My question now is why plotly values doesn’t correspond with the results calculated with numpy ?

This is a rather contentious topic, as it turns out… see eg: http://www.amstat.org/publications/jse/v14n3/langford.html - there are at least 15 different ways you might choose to calculate quartiles!

They all generally give quartiles that are close to each other, and I don’t think it’s possible to say that one is right and the others are wrong. The one we chose is based on the idea that often statistics are based on a sample from a much larger distribution. In this case the larger distribution would be a uniform spread from 0.5 to 5.5. The quartiles for that would then be at 0.5+5.0/4 = 1.75, and 0.5+5.0*3/4 = 4.25.

  • citing Alex J.

Is it possible to provide a parameter to decide on quartile calculation formula?

This is an old thread, however I am having the exact same issue. Were you able to find either a solution or workaround. I have to recreate someone else’s work in plotly and they have used a different quarterly calculation.

Hi, I didn’t really look further, sorry. I just saw this other post that might help you Box Plots - manually supply median and quartiles (performance for alrge sample sizes).

I have been able to recreate the shapes themselves through lines, rectangles and points, so it basically looks and works like I want it to. Though it is missing the ability for everything to display when the mouse is hovered over like in the Boxplot (Which I would really like to find How to have hover text show all like with Boxplot)

I understand the various methods to calculate the quartiles - but how can one extract the quartiles computed by Plotly? Perhaps another way around the same question: what existing python functions will calculate quartiles in the exact same way as Plotly does?

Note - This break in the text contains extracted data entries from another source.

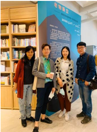
核心教師於中央書局展場合影
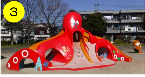
【上沼田北公園（江北7-16-1）】 タコさんデザインコンテストで優秀賞「足立の町を見守り台」柄のタコさん。
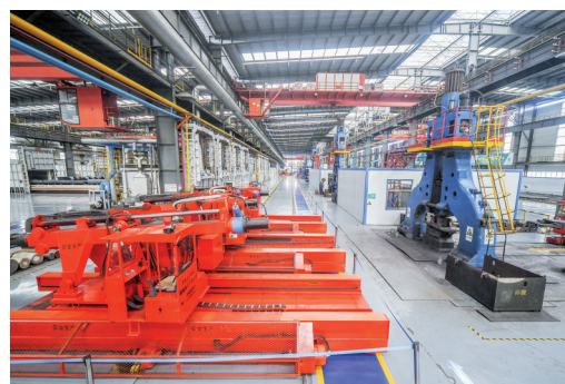
伊莱特高端制造新材料项目
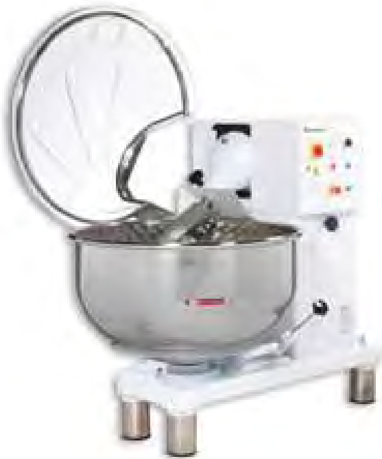
ФБЛ 230 Стандарт с пластиковой крышкой
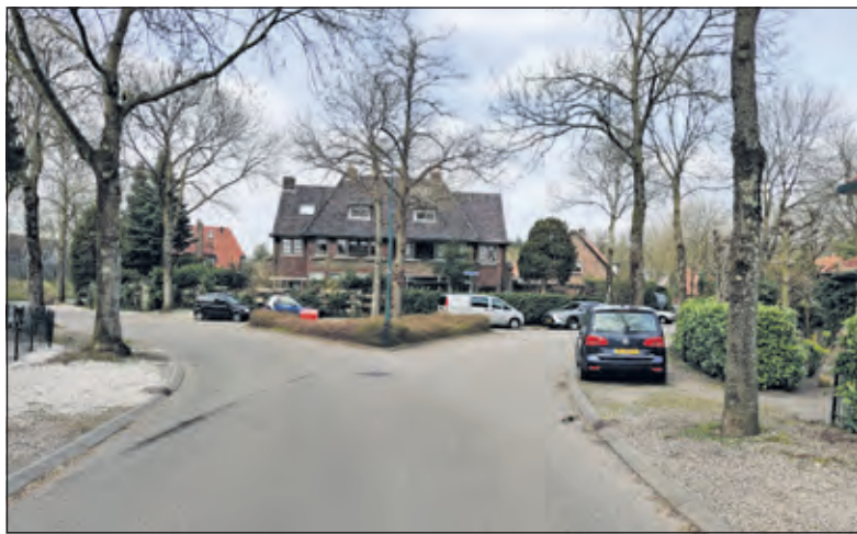
Hoe kan de gemeente met oog op vergrijzing de voorzieningen op peil houden in de kleine kernen om de leefbaarheid te waarborgen?

Over Klimaatadaptatie schrijft het rapport: 'Het is een opgave om de ruimtelijke omgeving van de gemeente klimaat-adaptief in te richten. Met het oog op klimaatverandering is het voor een toekomstbestendige woon- en leefomgeving nuttig na te denken over mogelijke maatregelen tegen hittestress, wateroverlast en droogte. De vraag is waarmee de gemeente kan bijdragen aan de ambities uit de Regionale Energietransitie (RES), met oog voor kansen en beperkingen in zowel het landelijk als stedelijk gebied. Hierbij moet bovendien rekening worden gehouden met waardevolle landschapselementen, toekomstige technische mogelijkheden en infrastructuur en planologische beperkingen van de ondergrond'. Bekijk de Basisverkenning op www.doemeedebilt.nl/documenten .
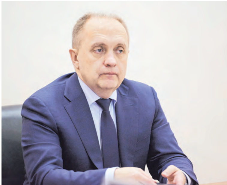
Виктор БАСЮК.

гогических вузов. Согласно закону по окончании двух курсов успешно прошедшие аттестацию студенты смогут вести занятия по дополнительным общеобразовательным программам, соответствующим их специальности и направлениям подготовки. То есть молодые талантливые ребята, которые действительно хотят реализовать себя в качестве преподавателей, могут, еще будучи студентами, вести различные кружки и секции для школьников. Это отличная возможность для ребят получить практические навыки, попробовать себя в профессии, а также учиться у своих старших наставников - опытных учителей.
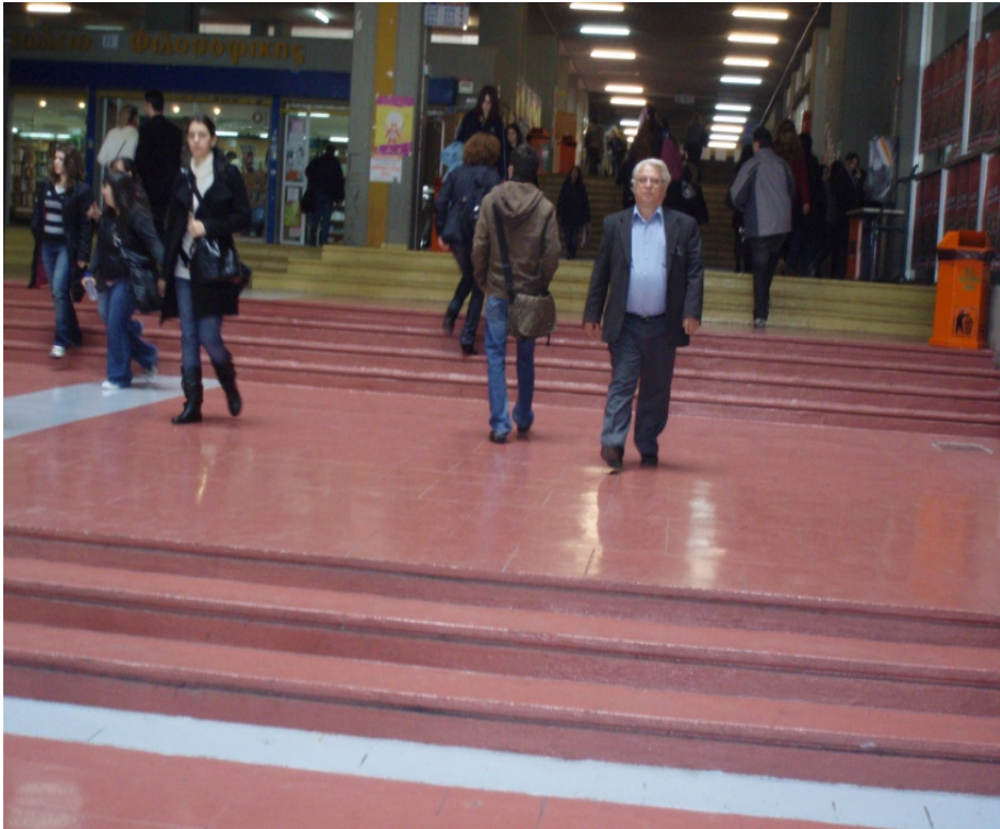
Άποψη της κεντρικής εισόδου της Φιλοσοφικής Σχολής
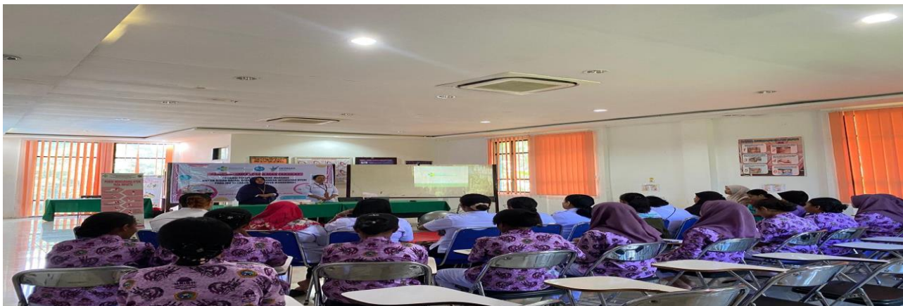
Gambar 2. Penyampaian materi terapi endorphine massage dan pijat oksitosin.

Pelatihan dan edukasi terapi endorphine massage dan pijat oksitosin ini melibatkan 25 orang bidan dari satu Rumah Sakit, empat Puskesmas dan satu Klinik Bersalin. Kegiatan ini dilaksanakan pada hari Sabtu, 09 Maret 2024 pukul 14.00 WIT. Ketua tim pengabdian beserta anggota bertindak sebagai narasumber yang memberikan edukasi serta pelatihan tentang teknik endorphine massage dan pijat oksitosin bagi bidan untuk meringankan intensitas nyeri pada ibu bersalin. Kegiatan lebih rinci dapat dilihat pada penjelasan dibawah :
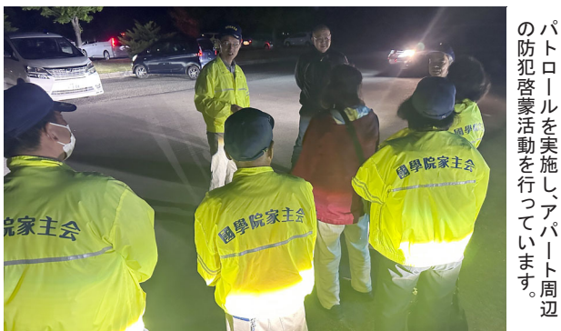
北海道警察の認可を受け、青色防犯パトロールを実施し、アパート周辺の防犯啓蒙活動を行っています。
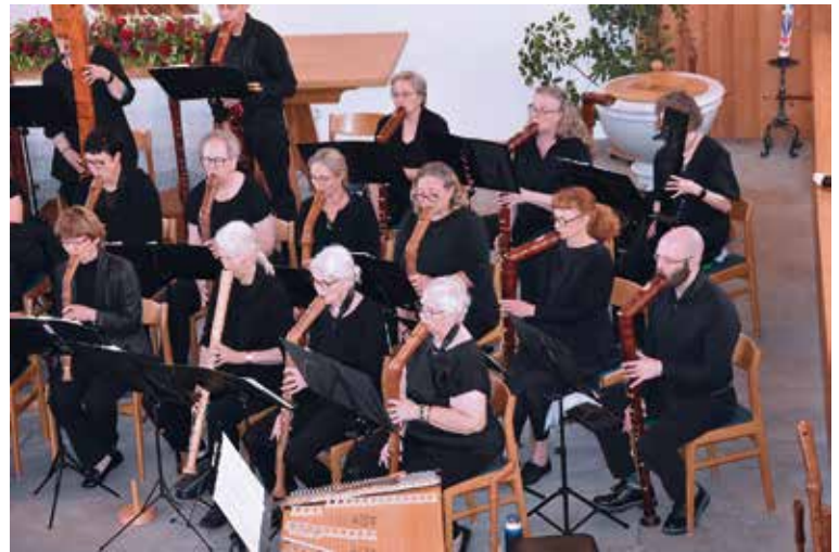
Die Vielfalt an Flöten ist faszinierend... Bilder von jd

wirkenden, die Instrumente sowie die aufgeführten Werke.
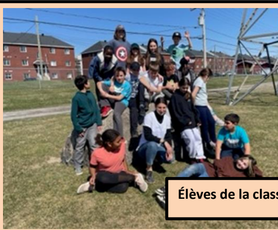
Élèves de la classe de Mme Fosse.

L'école sera quant à elle fermée le lundi 22 mai en raison du congé de la fête de la Reine.
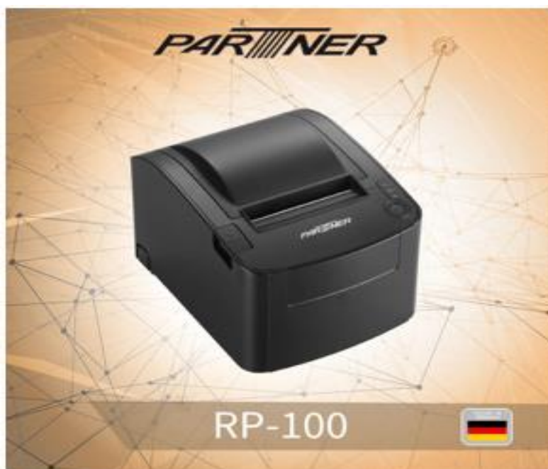
Slika 6: Termalni pisač PartnerTech RP-100
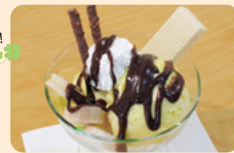
チョコレートサンデー ¥400 和風サンデー ¥400
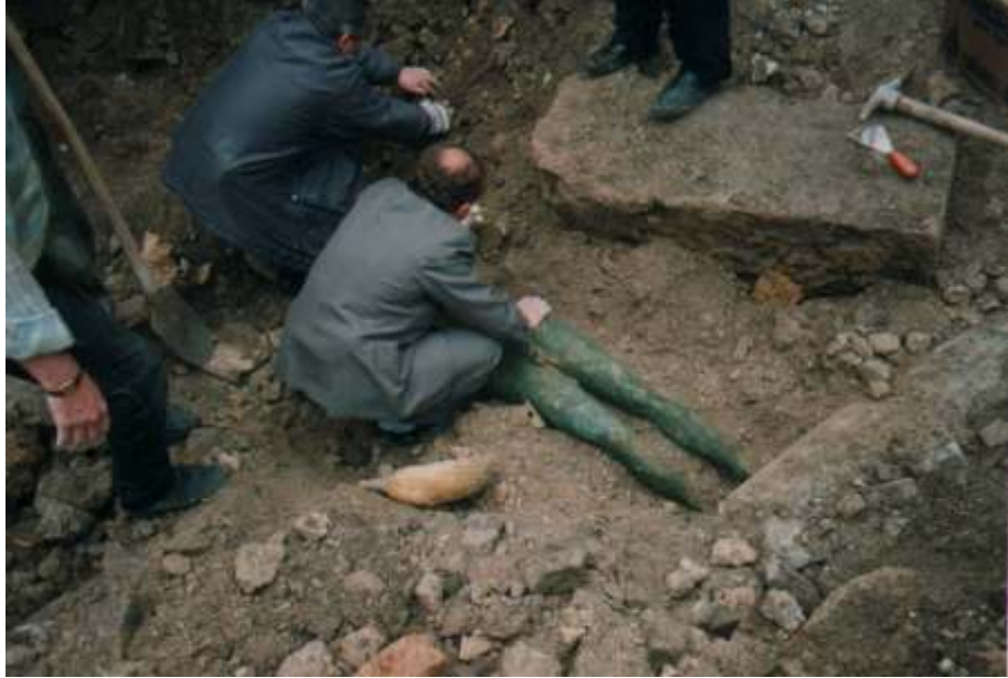
Resim 16: Heykelin Gövdesinden Bir Görüntü
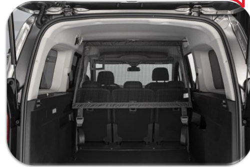
Rrjete ndarëse PZ4L0H5121

Alto Sh.p.k.- Toyota Albania Autostrada Tiranë-Durrës Km 5, Rruga Monun Nr.58, Fshati Kashar 1051 Tiranë, Shqipëri
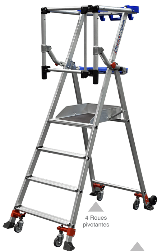
4 Roues pivotantes
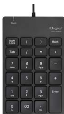
TNK-SU228BK 有線静音テンキー / ブラック (4902205484295)
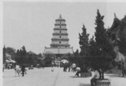
西安市のシンボル大雁塔(だいがんとう)
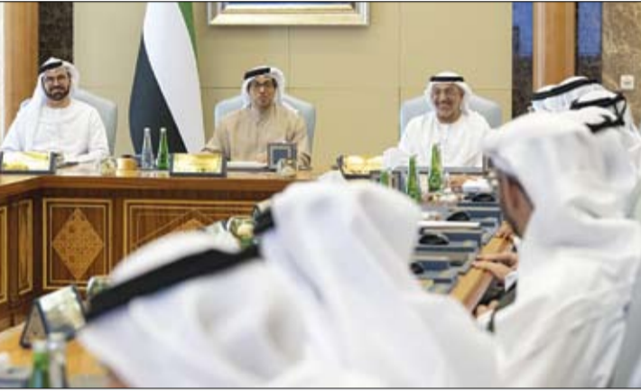
منصور بن زايد خلال ترؤسه اجتماع المجلس الوزاري للتنمية (وام)
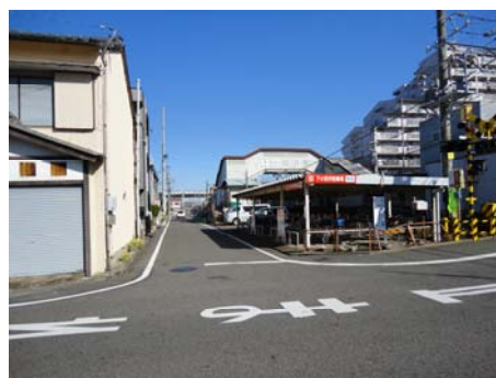
【駅前広場を持たない駅】
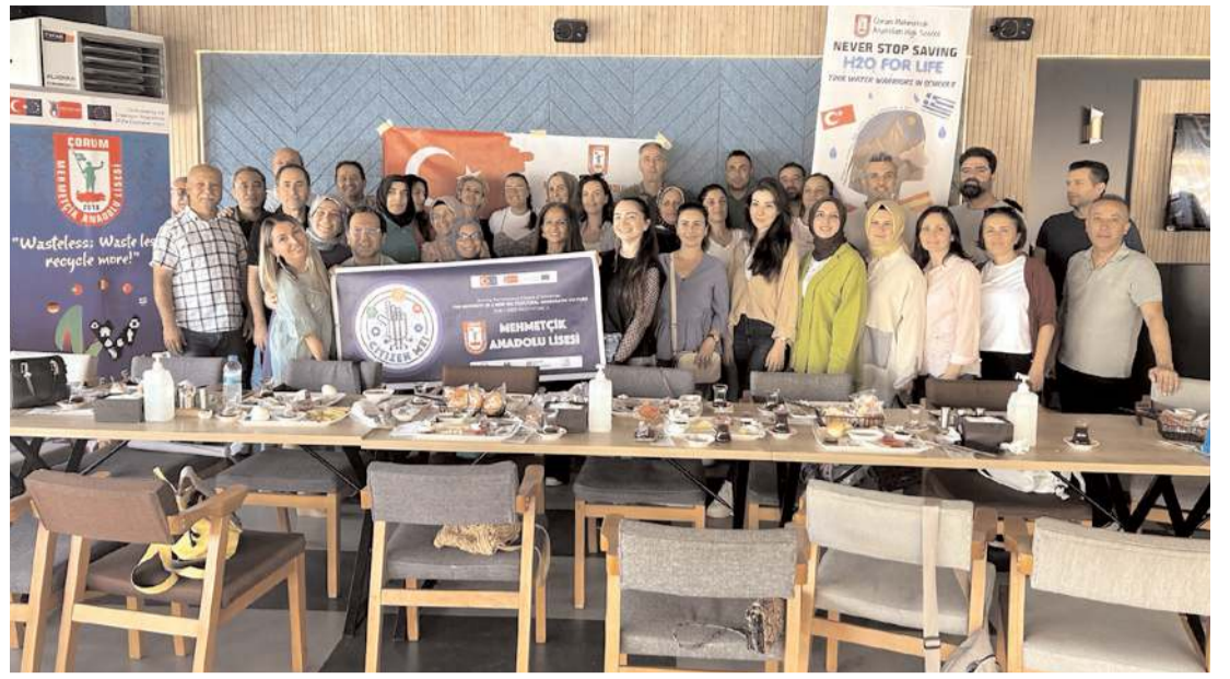
Yaptığı AB prokeleri ile dikkat çeken Mehmetçik Anadolu Lisesi yeni dönemi istişare etti.
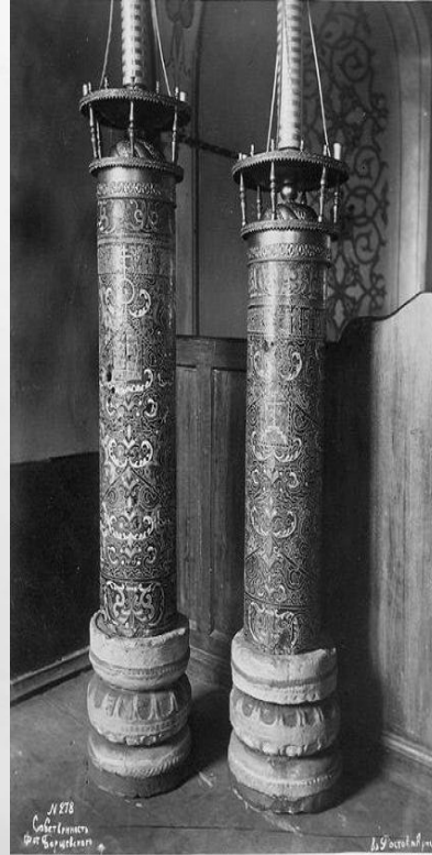
Восковые подсвечники и тощая свеча из Богородицкой церкви, XVII в.
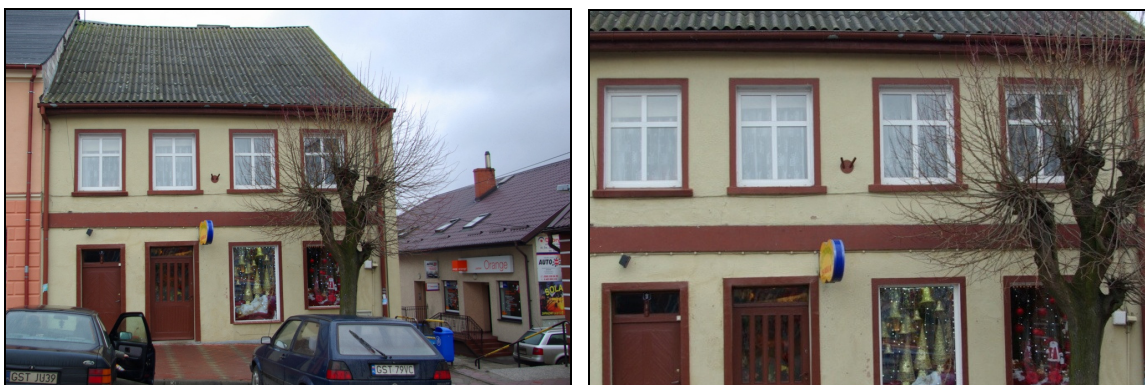
Fot. 9-10. Dom przy Placu Gen. Hallera nr 9
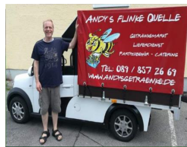
Planenfahrzeug für Lieferdienst in München

cooling truck for catering company in Mirow
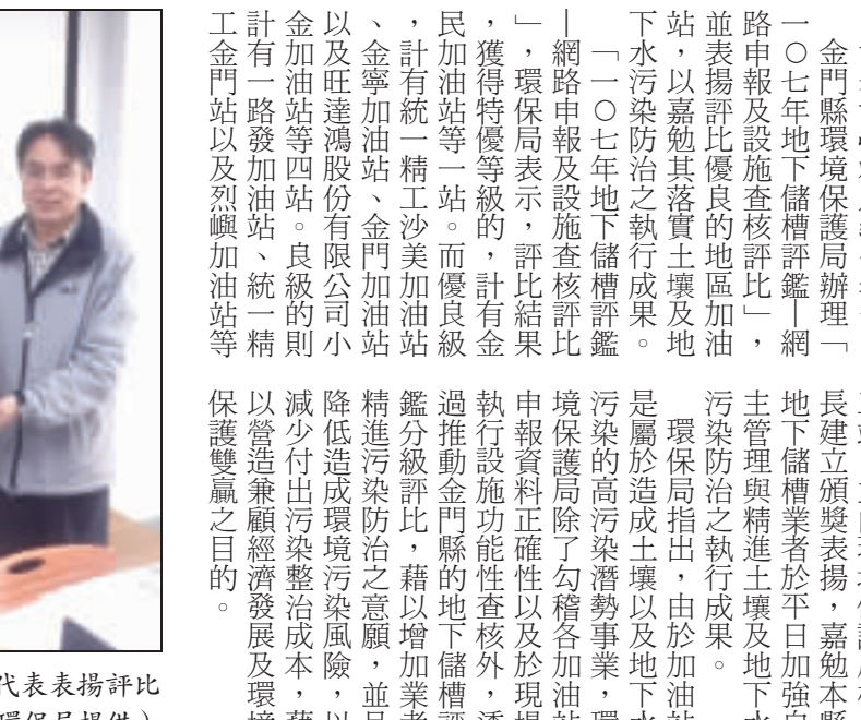
環保局由局長楊建立（右）代表表揚評比優良的地區加油站業者。

記者許峻魁／綜合報導 金門縣環境保護局辦理「一〇七年度地下儲槽評鑑」網路申報及設施查核評比，並表揚評比優良的地區加油站，以嘉勉其落實土壤及地下水污染防治之執行成果。 「一〇七年度地下儲槽評鑑」網路申報及設施查核評比，獲得特優等級的，計有金寧加油站等四站。而優良級計有統一精工沙美加油站、金寧加油站、金門加油站以及旺達鴻股份有限公司金寧加油站等四站。良好的評比，減少付出不必要成本，藉以營造兼顧經濟發展及環境保護雙贏之目的。 三站，並由環境保護局局長楊建立頒發表揚，嘉勉本縣地下儲槽業者於平日加強土壤管理與精進土壤及地下水污染防治之執行成果。 環保局指出，由於加油站是屬於造成土壤及地下水污染的高污染潛事業，環境保護局除了勾稽各加油站申報資料正確性以及於現場執行設施功能性查核外，透過推動金門縣的地下儲槽評鑑分級評比，藉以增加業者精進污染防治之意願，並且降低造成環境污染風險，以減少付出不必要成本，藉以營造兼顧經濟發展及環境保護雙贏之目的。

I tried all possible interpolation methods in np.percentile(), scipy.stats.iqr(), and pandas.quantile(). None seemed to match what Plotly plots.

Thanks!

To give an updated answer to @OliverBrace, the box trace now supports manually providing parameters: https://plotly.com/python/box-plots/#box-plot-with-precomputed-quartiles

To answer @ahmedhosny, check out this part of the docs for a description of the default box-plot quartile calculation method, as well as the two built-in variants: https://plotly.com/python/box-plots/#choosing-the-algorithm-for-computing-quartiles

1 Like

Many thanks @nicolaskruchten - things are clear now. I guess my confusion came due to the naming. The linear in scipy/numpy is referring to the interpolation method, while the “linear” in Plotly seems to refer to the higher-level quantile calculation method (which in itself also uses linear interpolation despite producing a different result compared to scipy/numpy). Anyway, I have included a snippet below to highlight this for anyone in the future. Great work on this library it really makes data viz much more enjoyable!

import numpy as np
from scipy.stats import iqr

def plotly_linear_quantiles(y, quantile):
    """
        Based on #10 here: http://jse.amstat.org/v14n3/langford.html
        METHOD 10 (“H&L-2”): The Pth percentile value is found by taking that 
        value with #(np + 0.5). If this is not an integer, take the interpolated
        value between 'the floor' and 'the ceiling of that value'. As an example, 
        if S5 = (1, 2, 3, 4, 5) and p = 0.25, then #(np + 0.5) = #(1.75) and so Q1 = 1.75.
        
        args: 
        y: list to calculate quantile for
        quantile: requested quantile value between 0 and 1
    """
    # -1 because becuase we count starting at 0
    interp_val_x = len(y)*quantile + 0.5 - 1 
    if interp_val_x.is_integer():
        # int() to remove decimal
        return sorted(y)[int(interp_val_x)]
    else:
        return np.interp(interp_val_x, [x for x in range(len(y))], sorted(y))

    
def plotly_linear_IQR(y):
    return plotly_linear_quantiles(y, 0.75) - plotly_linear_quantiles(y, 0.25)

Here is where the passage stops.